Needing body armor to protest in Seattle violates constitutional rights, lawsuit argues
Several protesters are suing the City of Seattle over the increasing necessity of showing up to protests in protective wear.
Their attorney is also petitioning the U.S. District Court for the Western District of Washington to enforce a city ordinance banning the use of tear gas and other crowd control weapons against demonstrators.
The court filing argues that the city has infringed on its residents’ constitutional rights to peaceably assemble and receive equal protection under the law.
Civil rights demonstrations have been ongoing in Seattle since late May, and so has the Seattle Police Department’s use of chemical irritants and projectiles as measures of crowd control. Civilians have been left with a host of injuries including chemical burns, visual impairments, scrapes, and bruises.
It has become common to see demonstrators, who have come to expect harsh crowd control actions from Seattle Police, sporting protective gear such as helmets and respirators. Umbrellas, repurposed as shields, have also become a centerpiece at local demonstrations.
"We started hearing stories about folks who were spending $400 to $500 on gear to try to be able to protest the streets," said Talitha Hazelton, who is representing clients on the new lawsuit. She cited an anecdotal uptick of demonstrators patronizing local military surplus stores in recent months.
Hazelton’s court filing argues that this cost means the city has neglected to provide equal protection under the law.
She explained: "When we hear this community talking about how it's so cost prohibitive, there's actually a name for that ... called equal protection. You shouldn't have to be rich to be able to air your grievances via your First Amendment rights."
A July 25 demonstration on Capitol Hill near the Seattle Police Department's East Precinct culminated in a violent clash between officers and protesters. Seattle Police declared the confrontation a riot, citing extensive property damage and the launching of explosives at officers. Forty-seven demonstrators were arrested.
The department said that 59 officers had been injured and shared photos of said injuries. But legal observers there that day with the National Lawyers Guild have pointed to the police, in multiple instances, being the victims of friendly fire.
The Seattle City Council on June 15 unanimously voted to bar the use of tear gas, rubber bullets, and several other crowd control weapons by the Seattle Police Department amid public pressure to demilitarize and rein in officers' use of force against protesters.
However, the ordinance, which was set to take effect on July 26, was temporarily suspended by U.S. District Judge James Robart, after both city and U.S. Department of Justice officials contended that the ordinance would interfere with the Seattle Police Department's compliance with the federal consent decree, entered in 2012, that has governed the department's use of force practices.
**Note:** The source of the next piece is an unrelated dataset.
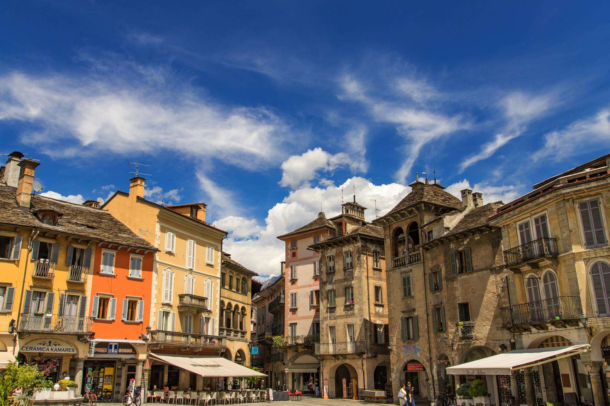 La lettera D, suono che tanto si confonde con le sue lettere vicine dell'alfabeto, vuole spesso la città di Domodossola per farsi capire. E se così deve essere, volevamo in fine vedere cosa c'è a Domodossola che la rende così unica e famosa. Già lontana capitale dei Leponzi, verso l'anno mille prese a chiamarsi Domus Oxile a causa della chiesa della Collegiata, poi in epoca romantica il nome variava in Domo d'Ossola. Punto nevralgico della valle, la città conserva un passato storico tutto visibile nel variegato centro storico, che offre sofisticati scorci architettonici come gli archi romanici e quelli gotici di piazza del Mercato, i portici quattrocenteschi, la torre del Trecento in Via Briona, dove s'intravedono anche le piccole cariatidi sopportare il peso dei davanzali. C'è poi la via Carina, con i balconi in larice delle case tipiche dove ricomincia il viaggio etnografico alla scoperta della comunità walser. Angolo pittoresco della città scrutato fra i vicoli dalla grande montagna, che guarda Domodossola, è anche piazza Fontana dove l'acqua sgorga su una vasca ottagonale sovrastata da un timido obelisco. Domodossola città antica. Sì perché gli insediamenti di Domodossola, dopo quelli preistorici, esistono anche in epoca romana quando la Via Mediolanum già attraversava questa vallata. Diversi gli edifici storici da vedere come il Palazzo Silva, il Mellerio, quello di San Francesco e Palazzo della Città, costruito a metà Ottocento.

The lawsuit filed on Monday by protesters and Hazelton accompanied a motion for the court to effectively reverse Robart's earlier decision, and compel the city to implement the crowd control weapons ban.
The motion argues that "because the Seattle Police Department has acted above and outside the law in dispensing its unbridled force ... the government effect is to establish a de facto protest tax: individual protesters subjected to SPD’s unabated and indiscriminate violence now must purchase cost- prohibitive gear to withstand munitions."
Federal Judge Richard Jones on June 17, in a separate ruling, issued a preliminary injunction extending a ban on the department’s use of “less lethal” chemical and projectile weapons against peaceful protesters through September 30, in response to a joint lawsuit filed by Black Lives Matter Seattle-King County and the ACLU of Washington.
The order, however, allows officers to take "necessary, reasonable, proportional, and targeted action" in response to a "specific and imminent threat."
Seattle Police, despite a growing public outcry against the practices, have continued to use chemical and incendiary crowd control agents, and have been accused of doing so indiscriminately and without clear warning.
Police Chief Carmen Best in June told KUOW's Morning Edition that while demonstrators — including her own daughter and son-in-law — have collectively been peaceful, others embedded among them have attacked officers with rocks and bottles, prompting police to use force.
"Our response is typically to disperse the crowd," Best said. "But the effect of that is that many people who are there not doing anything suffer the results of that, and so it's definitely something that needs to be looked at more."
Hazelton, in her motion to the U.S. District Court, wrote that the public interest outweighs any interests of the city regarding the use of crowd control weapons.
"It's so frustrating that it requires all these legal engines for something that is very clearly a public will, and when there is a clear public harm," she said. "And now what the public willed is delayed because of a legal quandary."